### RECORDS SUPPLIED:
::::::::::

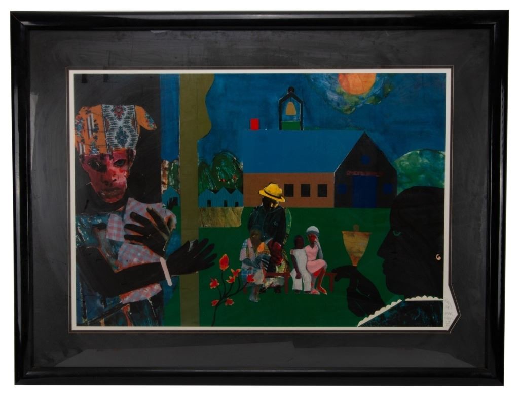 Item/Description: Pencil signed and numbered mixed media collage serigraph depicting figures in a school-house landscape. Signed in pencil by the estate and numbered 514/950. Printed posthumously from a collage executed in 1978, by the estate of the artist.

::::::::::

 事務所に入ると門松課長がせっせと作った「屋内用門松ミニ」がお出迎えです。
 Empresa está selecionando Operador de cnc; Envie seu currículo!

::::::::::

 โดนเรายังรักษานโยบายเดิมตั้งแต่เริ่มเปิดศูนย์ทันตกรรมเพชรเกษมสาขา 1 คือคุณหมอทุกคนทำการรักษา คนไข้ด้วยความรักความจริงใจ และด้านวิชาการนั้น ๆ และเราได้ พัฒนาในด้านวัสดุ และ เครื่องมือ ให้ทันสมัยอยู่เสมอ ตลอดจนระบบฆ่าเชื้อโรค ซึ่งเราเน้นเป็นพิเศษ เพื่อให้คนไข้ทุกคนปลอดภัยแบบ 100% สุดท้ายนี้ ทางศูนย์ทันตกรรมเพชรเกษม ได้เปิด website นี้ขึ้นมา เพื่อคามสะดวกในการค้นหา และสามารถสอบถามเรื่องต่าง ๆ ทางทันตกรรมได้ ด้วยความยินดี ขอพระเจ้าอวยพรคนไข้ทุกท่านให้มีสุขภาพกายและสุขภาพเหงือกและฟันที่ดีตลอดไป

::::::::::

### WHAT IS BEING ASKED:
Which lines above run from the one containing "事務所に入ると門松課長がせっせと作った「屋内用門松ミニ」がお出迎えです。" down to the one containing "Empresa está selecionando"? Repeat exactly those, both ends included, and nothing else.

### EXERCISE OUTPUT:
 事務所に入ると門松課長がせっせと作った「屋内用門松ミニ」がお出迎えです。
 Empresa está selecionando Operador de cnc; Envie seu currículo!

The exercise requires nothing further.